Primary human islets

Gene editing of human primary islets

Human primary cadaveric islets were purchased from Prodo Labs and cultured overnight in PIM media (Prodo). The CRIPSR-Cas9 technology was used for the disruption of the B2M and CIITA genes. Islet clusters were dissociated in single cells using AccuMax (StemCell Technologies) for 10 min at 37°C. The following gRNA sequences were used for the human B2M gene 5’-CGTGAGTAAACCTGAATCTT-3’ and human CIITA gene 5’-GATATTGGCATAAGCCTCCC-3’. The Lonza P3 Primary Cell 4D-Nucleofector X Kit (V4XP-3032, Lonza) was used for the transfection of the islet cells. Briefly, cells were transduced with a final concentration of 50 million per ml in P3 buffer. Twenty microliters of the cell suspension were pipetted in one well of the 8-strip containing 13 mg Cas9 enzyme and 6.5 mg sgRNA, respectively. Lonza's 4D-Nucleofector was used for the electroporation with the preset program CA-137. Islet cells were transferred in U-bottom 96-well plates containing 50,000 cells per well in PIM(S) media (Prodo) and rested for 1 h at 37°C and 5% CO₂ before moving the plate on the belly dancer orbital shaker (IBI Scientific) for islet re-clustering. Complete media change was performed after 48 h, and islet clusters were incubated on the belly dancer for another 24 h. 

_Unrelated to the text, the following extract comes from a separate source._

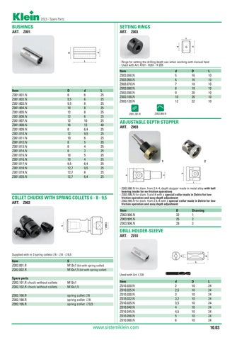 - Rings for setting the drilling depth use when working with manual feed - Used with Art. R101 - R201 - R 205

Islet clusters were dissociated again in single cells using AccuMax for cells sorting using the anti-HLA-A,B,C antibody (clone G46_2.6, BD Biosciences) or IgG1 isotype-matched control antibody (clone MOPC-21, BD Biosciences) and anti-HLA-DR,DP,DQ antibody (clone Tu3a, BD Biosciences) or IgG2a isotype-matched control antibody (clone G155–178, BD Biosciences). Double negative cells were sorted in the BD FACS Aria II and replated in U-bottom 96-well plates as described above for islet re-clustering on the belly dancer orbital shaker. After 24 h, islets were dissociated in single cells for CD47 and luciferase transduction with a CAG-CD47 LVV (custom order, Thermo Fisher) at a MOI of 5 and a CAG-luciferase LVV (custom order, GenTarget) at a MOI of 20. Spinfection was performed with the presence of 10 mg/ml protamine sulfate (Fresenius Kabi) at 300 g for 15 min. Cells were replated in U-bottom 96-well plates as described above for islet re-clustering on the belly dancer orbital shaker. After 48 h, cells were dissociated in single cells using AccuMax and underwent cell sorting for human CD47 with anti-CD47 antibody (clone B6H12, BD Biosciences) or IgG1 isotype-matched control antibody (clone MOPC-21, BD Biosciences) on BD FACS Aria II. Luciferase expression was confirmed by adding D-luciferin (Promega). Signals were quantified with AMI HT (Spectral Imaging) in maximum photons s⁻¹ cm⁻² sr⁻¹. Islet cells were replated in U-bottom 96-well plates as described above for islet re-clustering on the belly dancer orbital shaker until transplantation.